Por outro lado, neste momento, “a RDC é um estado falhado, numa situação de calamidade. Tudo o que devolvessemos seria roubado no dia seguinte ”. Mas no geral, Gryseels defende que uma boa parte da herança cultural africana deveria regressar aos países de origem, mas não a totalidade, nem as peças que foram adquiridas por meios legítimos. “É uma vergonha que tanta dessa herança esteja cá. Os objectos mais simbólicos devem ser devolvidos e também aqueles que foram pilhados. Mas acho que nenhum país africano quer a devolução de tudo. O primeiro passo será fornecer uma cópia dos nossos inventários. No ano passado, o director do museu do Ruanda , que era o responsável da comissão que estava a identificar a herança cultural do Ruanda na Europa dizia-me que nem sabia onde começar. Não sabia onde estava o quê.

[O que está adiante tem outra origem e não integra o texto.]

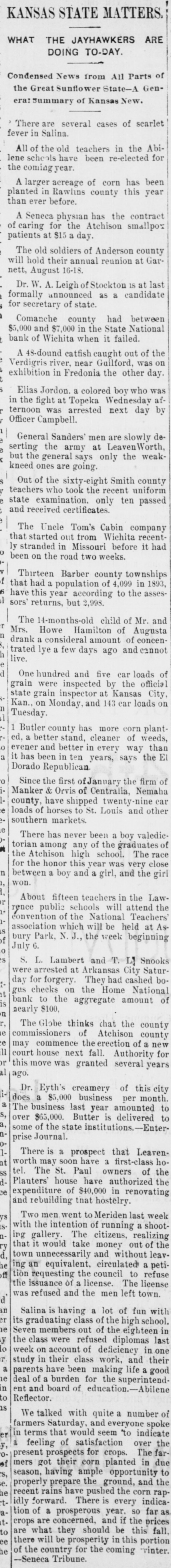 KANSAS STATE MATTERS. WHAT THE JAYHAWKERS ARE DOING TO-DAY. Condensed News from All Parts of the Great Sunflower State-A Generainummary of Kansas New. There are several cases of scarlet fever in Salina. All of the old teachers in the Abilene schools have been re-elected for the coming year. A larger acreage of corn has been planted in Rawlins county this year than ever before. A Seneca physian has the contract of caring for the Atchison smallpox patients at $15 day. The old soldiers of Anderson county will hold their annual reunion at Garnett, August 16-18. Dr. W. A. Leigh of Stockton is at last formally announced as a candidate for secretary of state. Comanche county had between $5,000 and $7,000 in the State National bank of Wichita when it failed. A 48-dound catfish caught out of the Verdigris river, near Guilford, was on exhibition in Fredonia the other day. Elias Jordon. a colored boy who was in the fight at Topeka Wednesday afternoon was arrested next day by Officer Campbell. General Sanders' men are slowly deserting the army at LeavenWorth, but the general says only the weakkneed ones are going. Out of the sixty-eight Smith county teachers who took the recent uniform state examination. only ten passed and received certificates. The Uncle Tom's Cabin company that started out from Wichita recently stranded in Missouri before it had been on the road two weeks. Thirteen Barber county townships that had a population of 4,099 in 1893, have this year according to the assessors' returns, but 2,998. The 14-months-old child of Mr. and Mrs. Howe Hamilton of Augusta drank a consideral amount of concentrated lye a few days ago and cannot live. One hundred and five car loads of grain were inspected by the official state grain inspector at Kansas City, Kan., on Monday, and 143 car loads on Tuesday. 1 Butler county has more corn plant ed. a better stand, cleaner of weeds, evener and better in every way than it has been in ten years, says the El Dorado Republican. Since the first of January the firm of Manker & Orvis of Centralia, Nemaha county, have shipped twenty-nine car loads of horses to St. Louis and other southern markets. There has never been a boy valedictorian among any of the graduates of the Atchison high school. The race for the honor this year was very close between a boy and a girl, and the girl won. About fifteen teachers in the Lawrence public schools will attend the convention of the National Teachers association which will be held at Asbury Park, N. J., the week beginning July 6. S. L. Lambert and T. L) Snooks were arrested at Arkansas City Saturday for forgery. They had cashed bogus checks on the Home National bank to the aggregate amount of nearly $100. The Globe thinks chat the county commissioners of Atchison county may commence the erection of a new 111 court house next fall. Authority for this move was granted several years ago. Dr. Eyth's creamery of this city idoes a $5,000 business per month. a The business last year amounted to over $65,000. Butter is delivered to some of the state institutions.-Enter prise Journal. There is a prospect that Leavenworth may soon have a first-class hotel. The St. Paul owners of the Planters' house have authorized the expenditure of $40,000 in renovating and rebuilding that hostelry. Two men went to Meriden last week with the intention of running a shooting gallery. The citizens, realizing that it would take money out of the town unnecessarily and without leaving an equivalent, circulated a petition requesting the council to refuse the issuance of a license. The license was refused and the men left town. d Salina is having a lot of fun with its graduating class of the high school. Seven members out of the eighteen in the class were refused diplomas last week on account of deficiency in one study in their class work, and their a parents have been making life a good deal of a burden for the superintend ent and board of education.-Abilene Reflector. We talked with quite a number oi farmers Saturday, and everyone spoke in terms that would seem "to indicate a feeling of satisfaction over the present prospects for crops. The farmers got their corn planted in due

Umas pessoas dizem que está na Alemanha outras que está no Vaticano.”

A ambição do ‘último museu colonial do mundo’ é a de passar a ser visto como a primeira instituição de vanguarda no conhecimento e investigação sobre África, e passar de exemplo sobre o que não devia ter sido feito a exemplo de tudo o que poderá o futuro trazer.